Problem description
The first line of the entries is where the copy starts and the line with "Чтобы сделать также, нужно" is where it ends; set down each line exactly, both ends included, and drop pictures.

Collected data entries
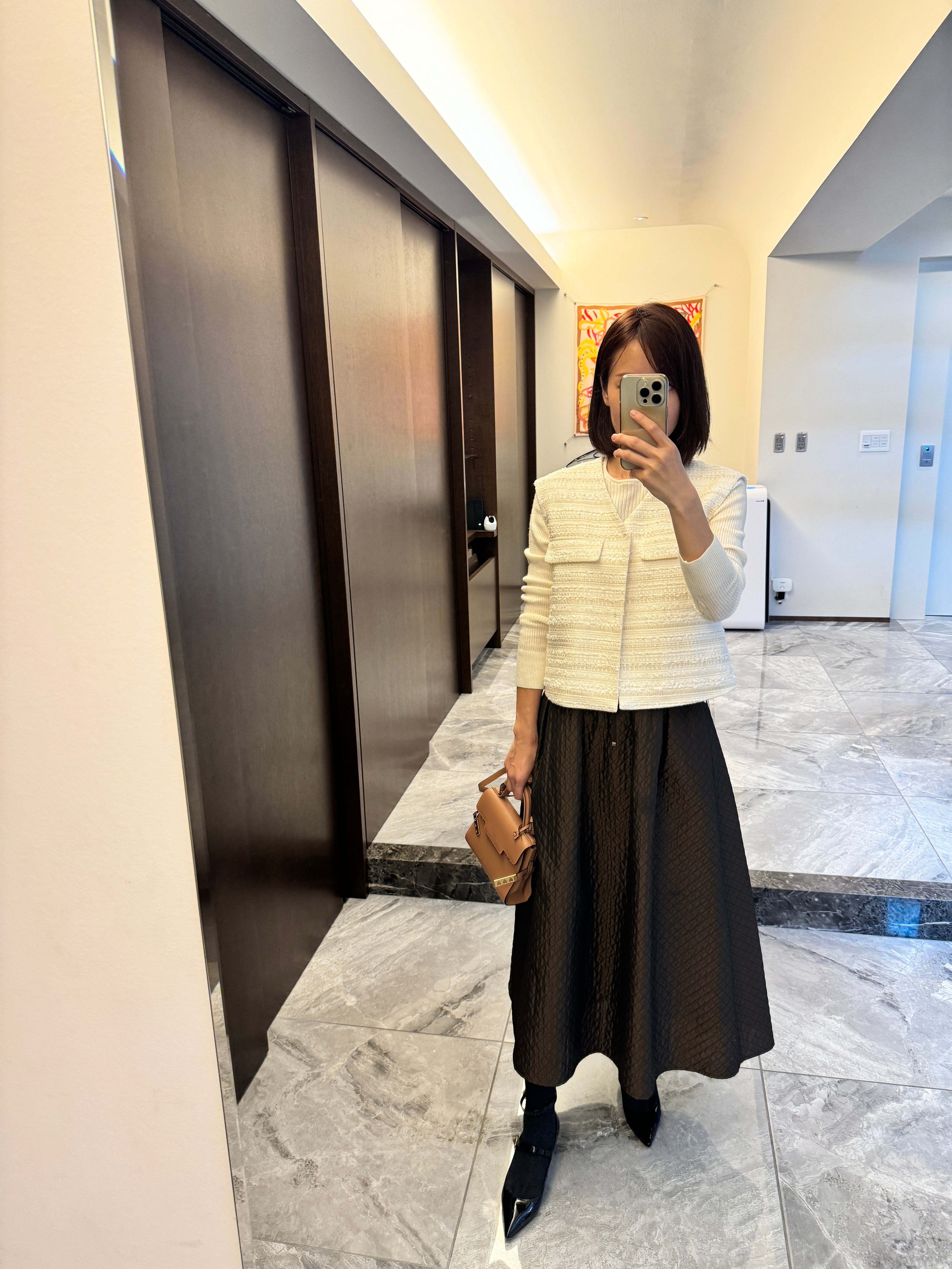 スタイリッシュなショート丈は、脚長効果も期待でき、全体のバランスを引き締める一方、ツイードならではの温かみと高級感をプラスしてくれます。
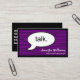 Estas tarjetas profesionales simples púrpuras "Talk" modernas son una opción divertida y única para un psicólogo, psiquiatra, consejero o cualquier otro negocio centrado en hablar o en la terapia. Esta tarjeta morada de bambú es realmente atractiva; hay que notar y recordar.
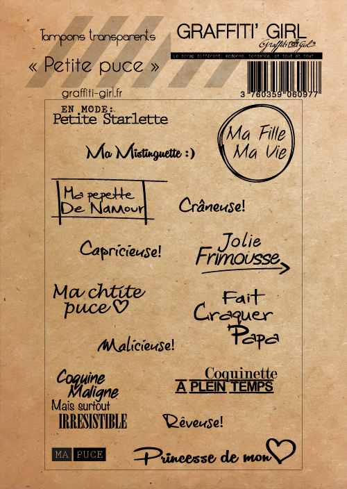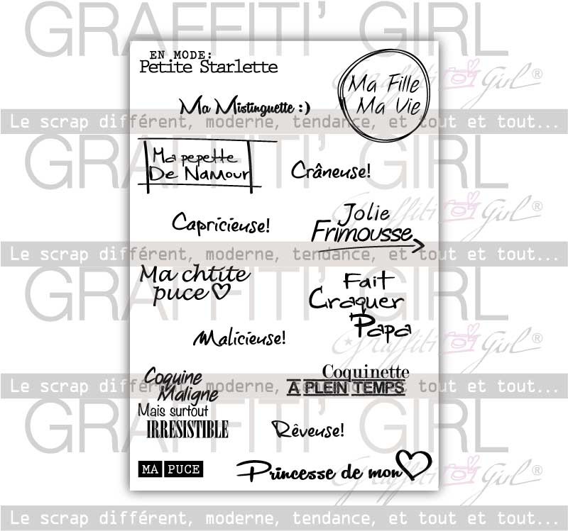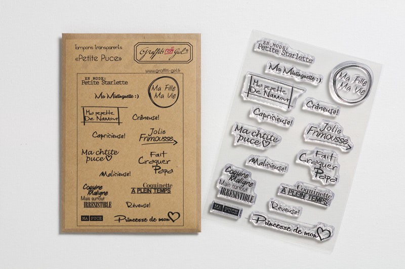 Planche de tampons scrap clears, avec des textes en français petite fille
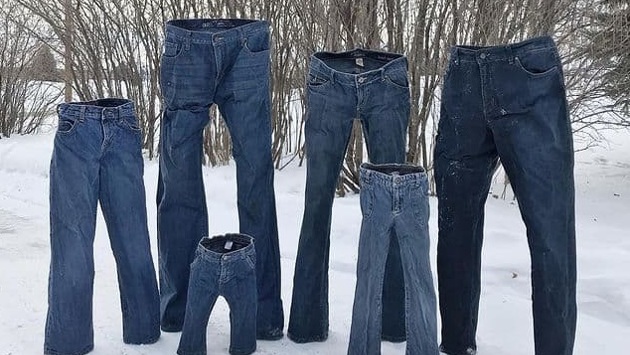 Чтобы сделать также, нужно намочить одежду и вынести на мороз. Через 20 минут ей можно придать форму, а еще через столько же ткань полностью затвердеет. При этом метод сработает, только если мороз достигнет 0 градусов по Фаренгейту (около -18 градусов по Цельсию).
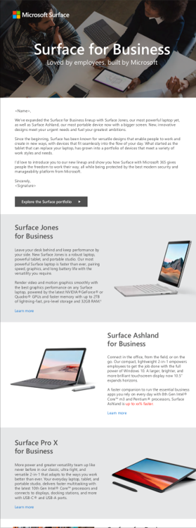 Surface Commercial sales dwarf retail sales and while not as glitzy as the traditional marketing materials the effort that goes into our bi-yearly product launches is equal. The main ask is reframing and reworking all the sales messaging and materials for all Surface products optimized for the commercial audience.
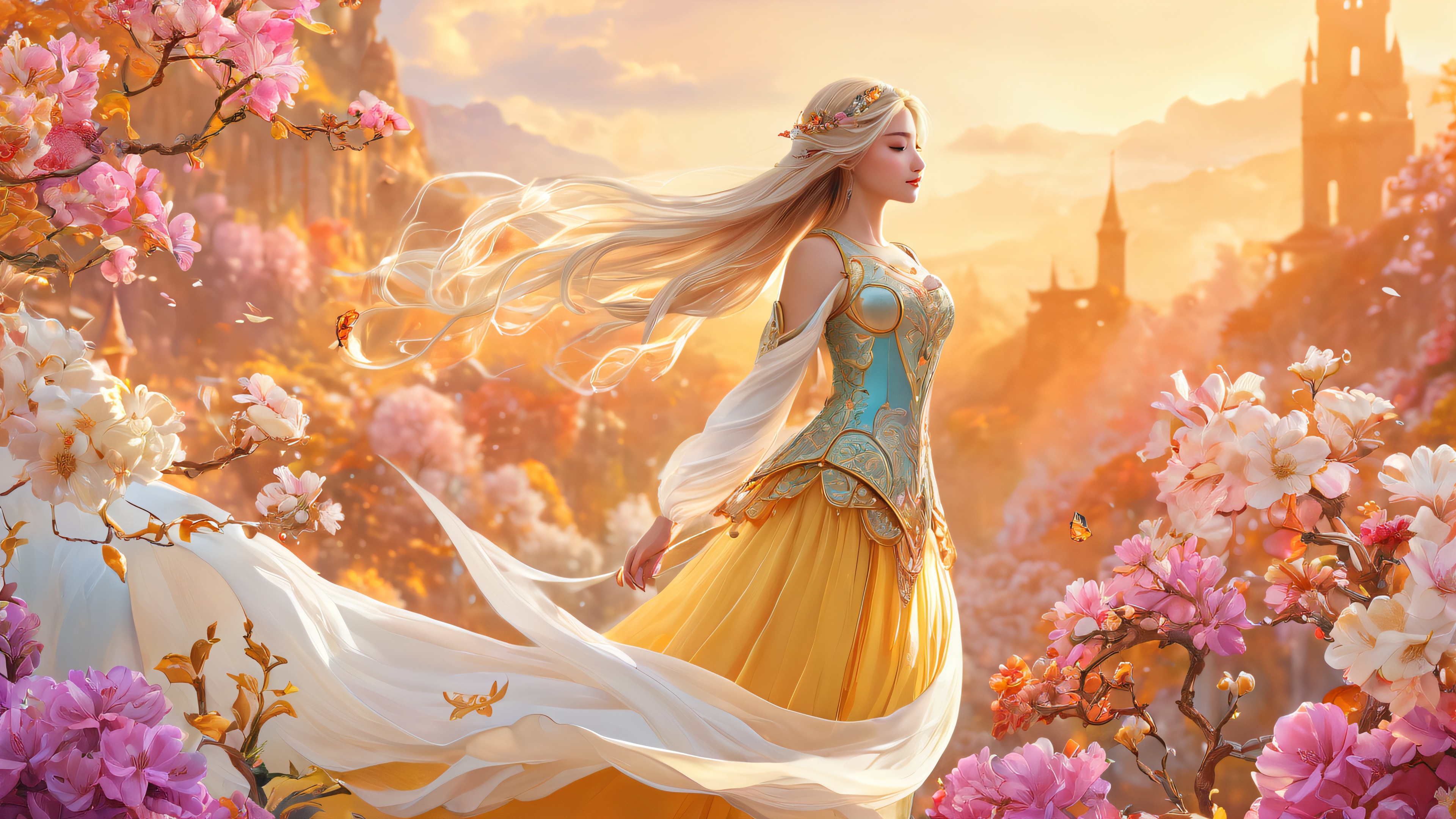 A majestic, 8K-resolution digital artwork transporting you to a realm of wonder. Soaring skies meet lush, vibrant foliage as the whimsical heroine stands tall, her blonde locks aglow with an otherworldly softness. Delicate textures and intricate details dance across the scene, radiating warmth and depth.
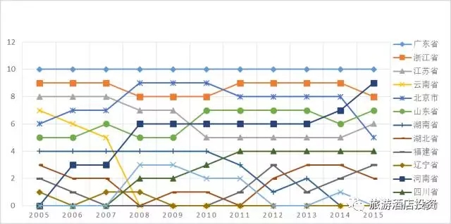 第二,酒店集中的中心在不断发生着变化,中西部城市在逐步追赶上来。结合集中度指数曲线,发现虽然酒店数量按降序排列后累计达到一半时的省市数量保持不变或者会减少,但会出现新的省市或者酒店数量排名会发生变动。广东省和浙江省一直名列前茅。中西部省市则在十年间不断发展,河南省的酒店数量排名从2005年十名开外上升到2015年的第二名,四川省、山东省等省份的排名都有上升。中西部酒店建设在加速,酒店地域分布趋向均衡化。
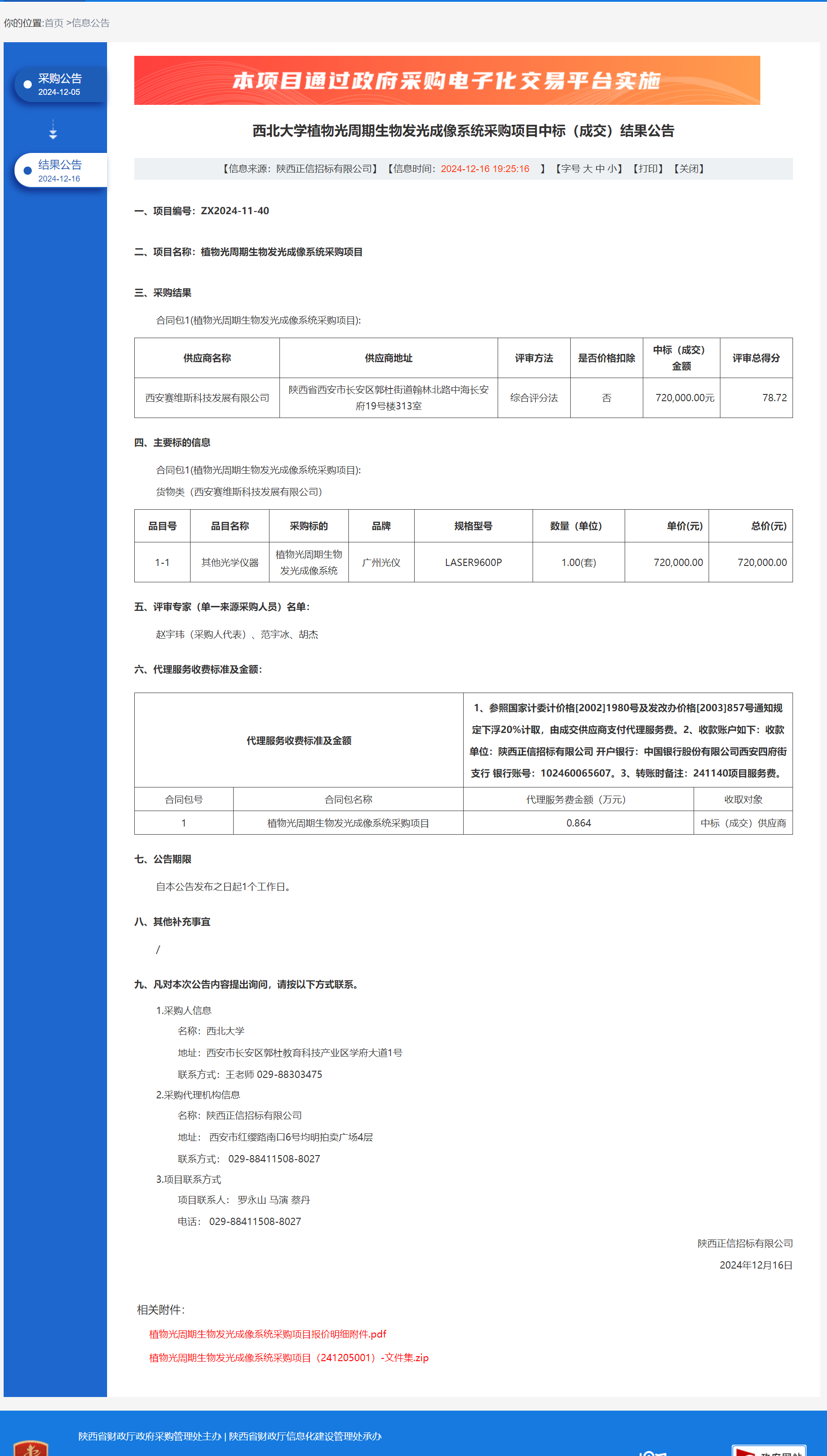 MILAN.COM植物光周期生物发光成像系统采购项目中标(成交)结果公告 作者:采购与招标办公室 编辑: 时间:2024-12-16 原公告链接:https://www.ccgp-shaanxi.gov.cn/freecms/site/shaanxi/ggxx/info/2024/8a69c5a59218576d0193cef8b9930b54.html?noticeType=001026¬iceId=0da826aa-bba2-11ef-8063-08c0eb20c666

Problem solution
 スタイリッシュなショート丈は、脚長効果も期待でき、全体のバランスを引き締める一方、ツイードならではの温かみと高級感をプラスしてくれます。
 Estas tarjetas profesionales simples púrpuras "Talk" modernas son una opción divertida y única para un psicólogo, psiquiatra, consejero o cualquier otro negocio centrado en hablar o en la terapia. Esta tarjeta morada de bambú es realmente atractiva; hay que notar y recordar.
 Planche de tampons scrap clears, avec des textes en français petite fille
 Чтобы сделать также, нужно намочить одежду и вынести на мороз. Через 20 минут ей можно придать форму, а еще через столько же ткань полностью затвердеет. При этом метод сработает, только если мороз достигнет 0 градусов по Фаренгейту (около -18 градусов по Цельсию).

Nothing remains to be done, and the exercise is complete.